**WHAT TO DO:**
Retype the data below verbatim; pictures do not belong in the copy.

**GIVEN MATERIAL:**
•••••

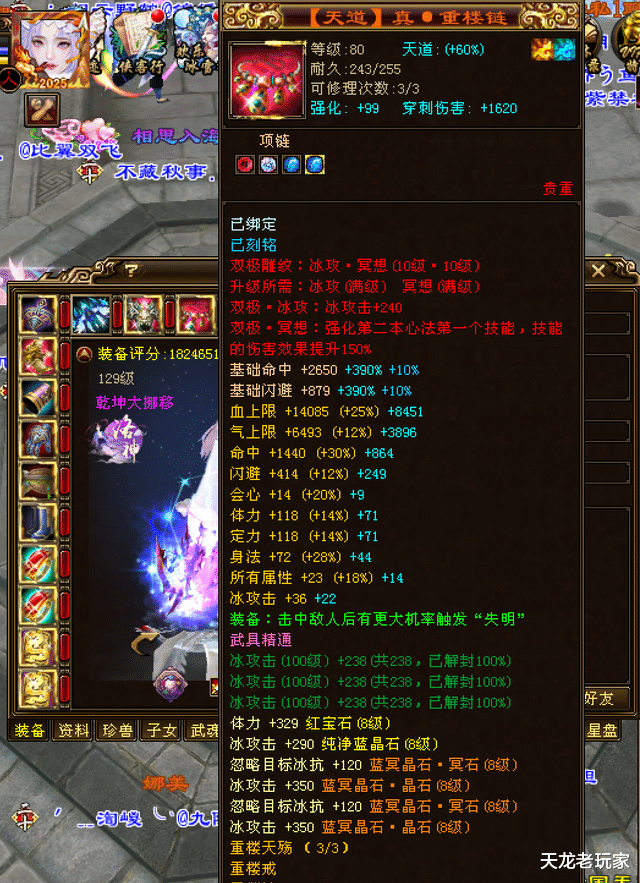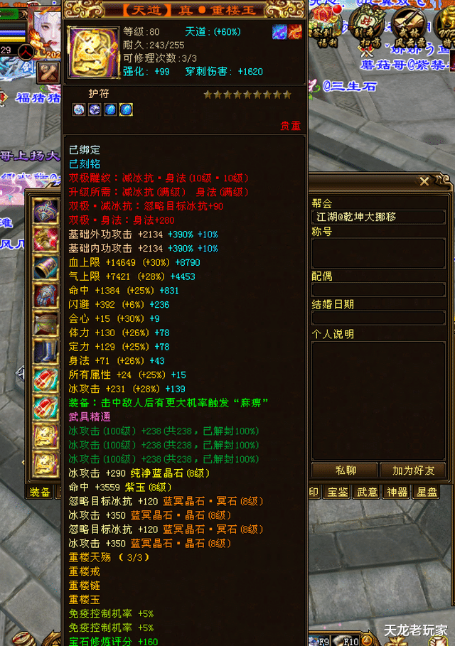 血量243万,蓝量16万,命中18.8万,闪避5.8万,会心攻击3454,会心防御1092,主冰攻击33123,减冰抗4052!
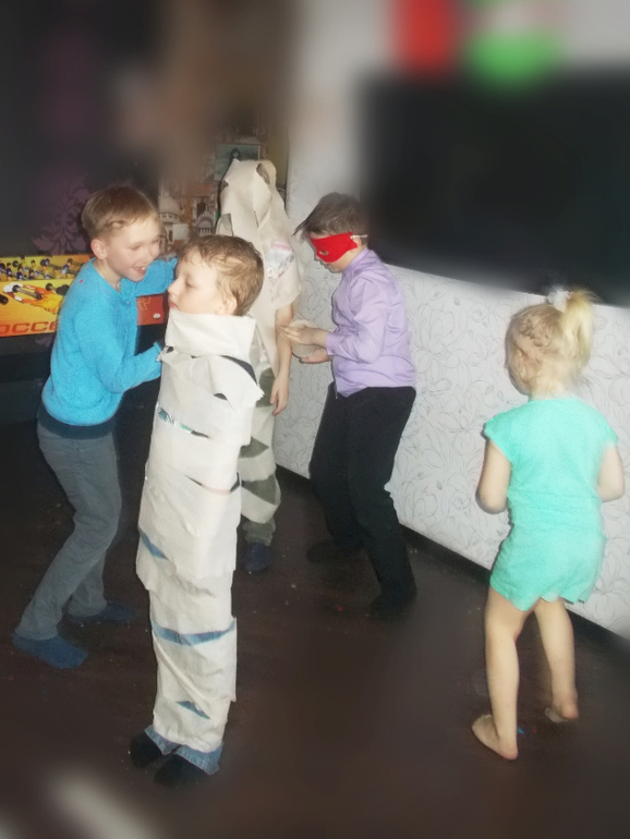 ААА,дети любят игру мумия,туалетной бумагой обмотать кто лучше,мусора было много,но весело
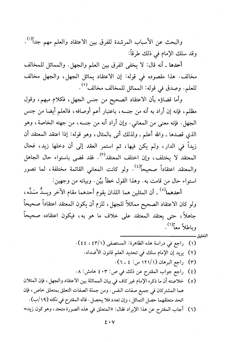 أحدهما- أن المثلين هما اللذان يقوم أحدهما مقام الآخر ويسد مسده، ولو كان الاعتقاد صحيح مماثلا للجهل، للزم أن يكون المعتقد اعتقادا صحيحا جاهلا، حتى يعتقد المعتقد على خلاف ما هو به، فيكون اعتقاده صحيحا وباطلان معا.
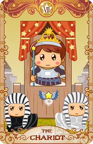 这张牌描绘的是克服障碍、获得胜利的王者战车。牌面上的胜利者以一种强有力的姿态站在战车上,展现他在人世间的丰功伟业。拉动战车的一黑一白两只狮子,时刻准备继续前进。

•••••

**ANSWER FOR THE TASK:**
 血量243万,蓝量16万,命中18.8万,闪避5.8万,会心攻击3454,会心防御1092,主冰攻击33123,减冰抗4052!
 ААА,дети любят игру мумия,туалетной бумагой обмотать кто лучше,мусора было много,но весело
 أحدهما- أن المثلين هما اللذان يقوم أحدهما مقام الآخر ويسد مسده، ولو كان الاعتقاد صحيح مماثلا للجهل، للزم أن يكون المعتقد اعتقادا صحيحا جاهلا، حتى يعتقد المعتقد على خلاف ما هو به، فيكون اعتقاده صحيحا وباطلان معا.
 这张牌描绘的是克服障碍、获得胜利的王者战车。牌面上的胜利者以一种强有力的姿态站在战车上,展现他在人世间的丰功伟业。拉动战车的一黑一白两只狮子,时刻准备继续前进。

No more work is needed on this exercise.